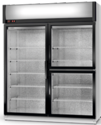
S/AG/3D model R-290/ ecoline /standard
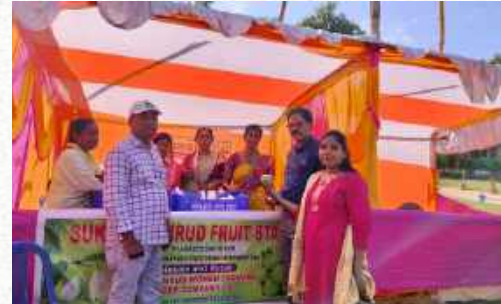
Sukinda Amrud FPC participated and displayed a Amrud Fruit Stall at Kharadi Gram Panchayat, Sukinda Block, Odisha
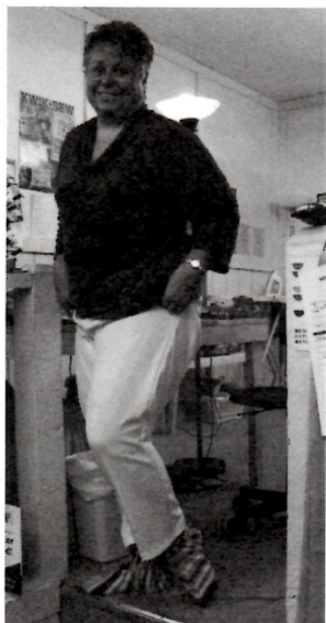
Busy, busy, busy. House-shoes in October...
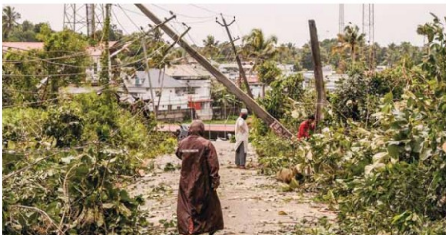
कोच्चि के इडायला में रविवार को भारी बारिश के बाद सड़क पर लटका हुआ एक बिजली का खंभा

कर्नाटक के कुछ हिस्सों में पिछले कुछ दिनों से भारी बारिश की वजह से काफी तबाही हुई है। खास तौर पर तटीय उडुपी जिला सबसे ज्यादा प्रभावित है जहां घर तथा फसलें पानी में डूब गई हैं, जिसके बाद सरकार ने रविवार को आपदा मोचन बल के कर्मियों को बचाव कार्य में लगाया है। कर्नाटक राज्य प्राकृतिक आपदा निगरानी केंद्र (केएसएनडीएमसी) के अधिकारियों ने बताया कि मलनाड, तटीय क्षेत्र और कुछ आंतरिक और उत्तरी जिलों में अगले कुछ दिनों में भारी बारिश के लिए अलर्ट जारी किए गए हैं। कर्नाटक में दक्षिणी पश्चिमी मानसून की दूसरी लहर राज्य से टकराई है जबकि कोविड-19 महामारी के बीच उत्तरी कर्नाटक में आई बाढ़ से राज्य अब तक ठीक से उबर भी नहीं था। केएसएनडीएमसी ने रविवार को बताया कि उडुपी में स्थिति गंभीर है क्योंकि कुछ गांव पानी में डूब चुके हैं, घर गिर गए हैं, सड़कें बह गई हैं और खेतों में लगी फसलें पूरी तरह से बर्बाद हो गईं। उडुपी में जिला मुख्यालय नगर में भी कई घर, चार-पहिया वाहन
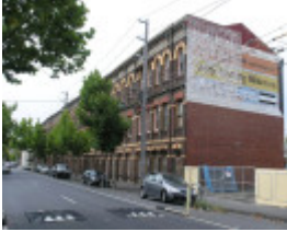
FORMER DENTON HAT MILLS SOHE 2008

---+---

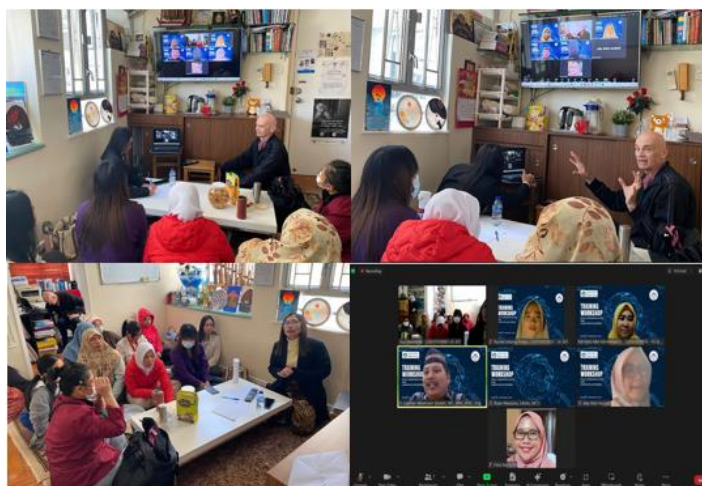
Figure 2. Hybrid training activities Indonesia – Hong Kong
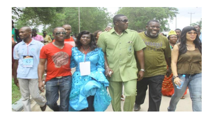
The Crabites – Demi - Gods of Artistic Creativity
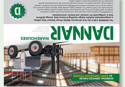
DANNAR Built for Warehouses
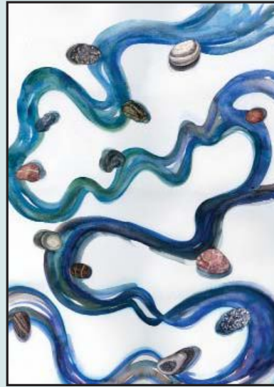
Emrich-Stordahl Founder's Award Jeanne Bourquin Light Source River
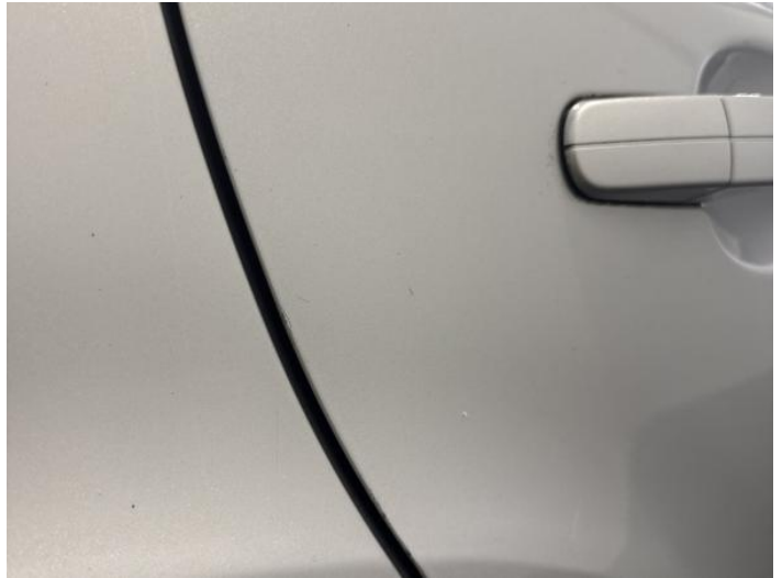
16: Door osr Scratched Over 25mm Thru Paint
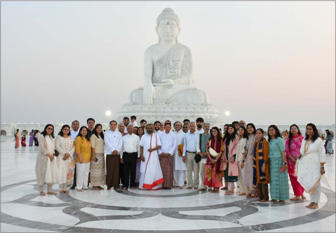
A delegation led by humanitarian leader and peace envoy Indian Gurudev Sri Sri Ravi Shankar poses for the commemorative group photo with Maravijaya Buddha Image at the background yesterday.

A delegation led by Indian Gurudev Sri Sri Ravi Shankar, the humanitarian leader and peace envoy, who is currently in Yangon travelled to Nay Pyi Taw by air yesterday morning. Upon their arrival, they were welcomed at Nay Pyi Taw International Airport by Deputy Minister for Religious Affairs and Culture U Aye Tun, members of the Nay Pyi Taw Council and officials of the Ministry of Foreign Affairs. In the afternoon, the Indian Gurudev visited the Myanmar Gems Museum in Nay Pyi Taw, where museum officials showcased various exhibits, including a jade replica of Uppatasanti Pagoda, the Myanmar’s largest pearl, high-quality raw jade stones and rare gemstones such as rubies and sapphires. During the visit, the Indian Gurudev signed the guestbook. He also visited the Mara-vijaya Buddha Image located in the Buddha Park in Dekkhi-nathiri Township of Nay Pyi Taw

---+---

### Work task
Pull out every line of the records above that contains the word "Ravi".

### Solution for this task
A delegation led by humanitarian leader and peace envoy Indian Gurudev Sri Sri Ravi Shankar poses for the commemorative group photo with Maravijaya Buddha Image at the background yesterday.
A delegation led by Indian Gurudev Sri Sri Ravi Shankar, the humanitarian leader and peace envoy, who is currently in Yangon travelled to Nay Pyi Taw by air yesterday morning. Upon their arrival, they were welcomed at Nay Pyi Taw International Airport by Deputy Minister for Religious Affairs and Culture U Aye Tun, members of the Nay Pyi Taw Council and officials of the Ministry of Foreign Affairs. In the afternoon, the Indian Gurudev visited the Myanmar Gems Museum in Nay Pyi Taw, where museum officials showcased various exhibits, including a jade replica of Uppatasanti Pagoda, the Myanmar’s largest pearl, high-quality raw jade stones and rare gemstones such as rubies and sapphires. During the visit, the Indian Gurudev signed the guestbook. He also visited the Mara-vijaya Buddha Image located in the Buddha Park in Dekkhi-nathiri Township of Nay Pyi Taw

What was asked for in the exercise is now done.